Information About OSPFv3 Authentication Support with IPsec
The following sections provide information about OSPFv3 authentication support with IPsec and OSPFv3 virtual links.
Overview of OSPFv3 Authentication Support with IPsec
In order to ensure that OSPFv3 packets are not altered and resent to the device, causing the device to behave in a way not desired by its system administrators, OSPFv3 packets must be authenticated. OSPFv3 uses the IPsec secure socket to add authentication to OSPFv3 packets.
OSPFv3 requires the use of IPsec to enable authentication. Crypto images are required to use authentication because only crypto images include the IPsec needed for use with OSPFv3.
In OSPFv3, authentication fields have been removed from OSPFv3 packet headers. When OSPFv3 runs on IPv6, OSPFv3 requires the IPv6 authentication header or IPv6 Encapsulating Security Payload (ESP) header to ensure integrity, authentication, and confidentiality of routing exchanges. IPv6 authentication header and ESP extension headers can be used to provide authentication and confidentiality to OSPFv3.
To use the IPsec authentication header, you must enable the ipv6 ospf authentication command.
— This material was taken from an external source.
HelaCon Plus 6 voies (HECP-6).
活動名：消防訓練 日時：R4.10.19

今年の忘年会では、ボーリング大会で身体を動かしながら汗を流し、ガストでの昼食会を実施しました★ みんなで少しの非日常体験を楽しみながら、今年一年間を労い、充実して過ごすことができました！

To use the IPsec ESP header, you must enable the ipv6 ospf encryption command. The ESP header can be applied alone or along with the authentication header, and when ESP is used, both encryption and authentication are provided. Security services can be provided between a pair of communicating hosts, between a pair of communicating security gateways, or between a security gateway and a host.
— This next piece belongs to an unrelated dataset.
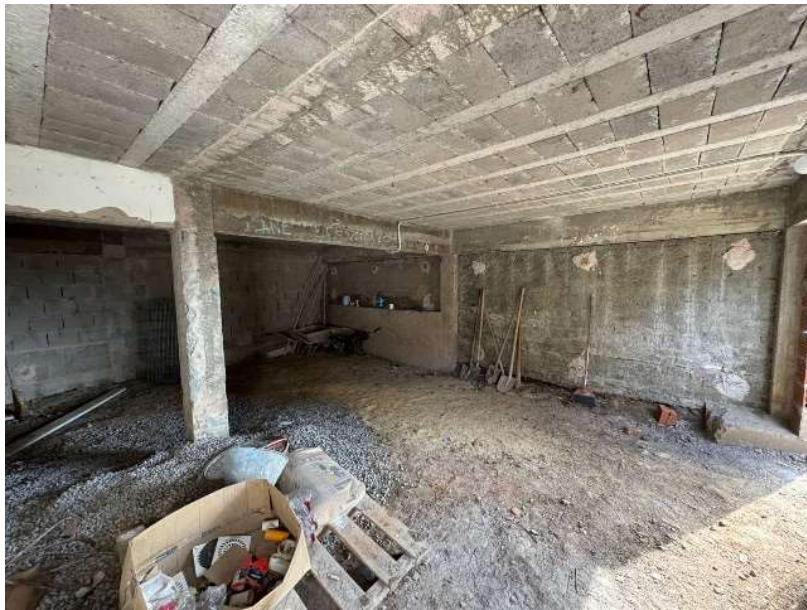
Imagem 12 – área interna do depósito no subsolo (atual)

A rede elétrica será executada através de eletrodutos que ficarão expostos. Os pontos a serem executados estão especificados no projeto correspondente.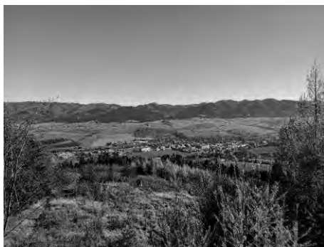
Pohľad na Rajeckú dolinu

dokazuje, že turisti na chodníku rešpektujú prírodu a drobnosť v podobe smetného koša posunula naše myslenie. Je pozitívne zistiť, že takouto inverziou myslenia je možné nabudiť ľudí k tomu, aby rešpektovali svoje okolie a prispeli tak k čistejšiemu prostrediu. Smetný kôš bol naplnený zhruba do polovice objemu, pričom sme sa spoločne zhodli, že aj my prispějeme k ekológii. Čiastočne sme vytriedili celý jeho obsah a pripravili na znesenie dolu po ceste späť. Po krátkom odpočinku a nabažení sa pohľadov do okolia pokračujeme k vrcholu Dubová. Naša cesta sa

To configure IPsec, you should configure a security policy, which is a combination of the security policy index (SPI) and the key (the key is used to create and validate the hash value). IPsec for OSPFv3 can be configured on an interface or on an OSPFv3 area. For higher security, you should configure a different policy on each interface that is configured with IPsec. If you configure IPsec for an OSPFv3 area, the policy is applied to all the interfaces in that area, except for the interfaces that have IPsec configured directly. After IPsec is configured for OSPFv3, IPsec is invisible to you.
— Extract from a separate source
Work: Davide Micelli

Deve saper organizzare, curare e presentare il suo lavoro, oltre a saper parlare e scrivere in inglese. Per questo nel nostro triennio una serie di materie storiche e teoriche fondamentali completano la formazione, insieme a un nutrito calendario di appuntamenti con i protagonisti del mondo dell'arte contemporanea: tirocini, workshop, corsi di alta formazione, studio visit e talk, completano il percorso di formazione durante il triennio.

The IPsecure socket is used by applications to secure traffic by allowing the application to open, listen, and close secure sockets. The binding between the application and the secure socket layer also allows the secure socket layer to inform the application of changes to the socket, such as connection open and close events. The IPsecure socket is able to identify the socket, that is, it can identify the local and remote addresses, masks, ports, and protocol that carry the traffic requiring security.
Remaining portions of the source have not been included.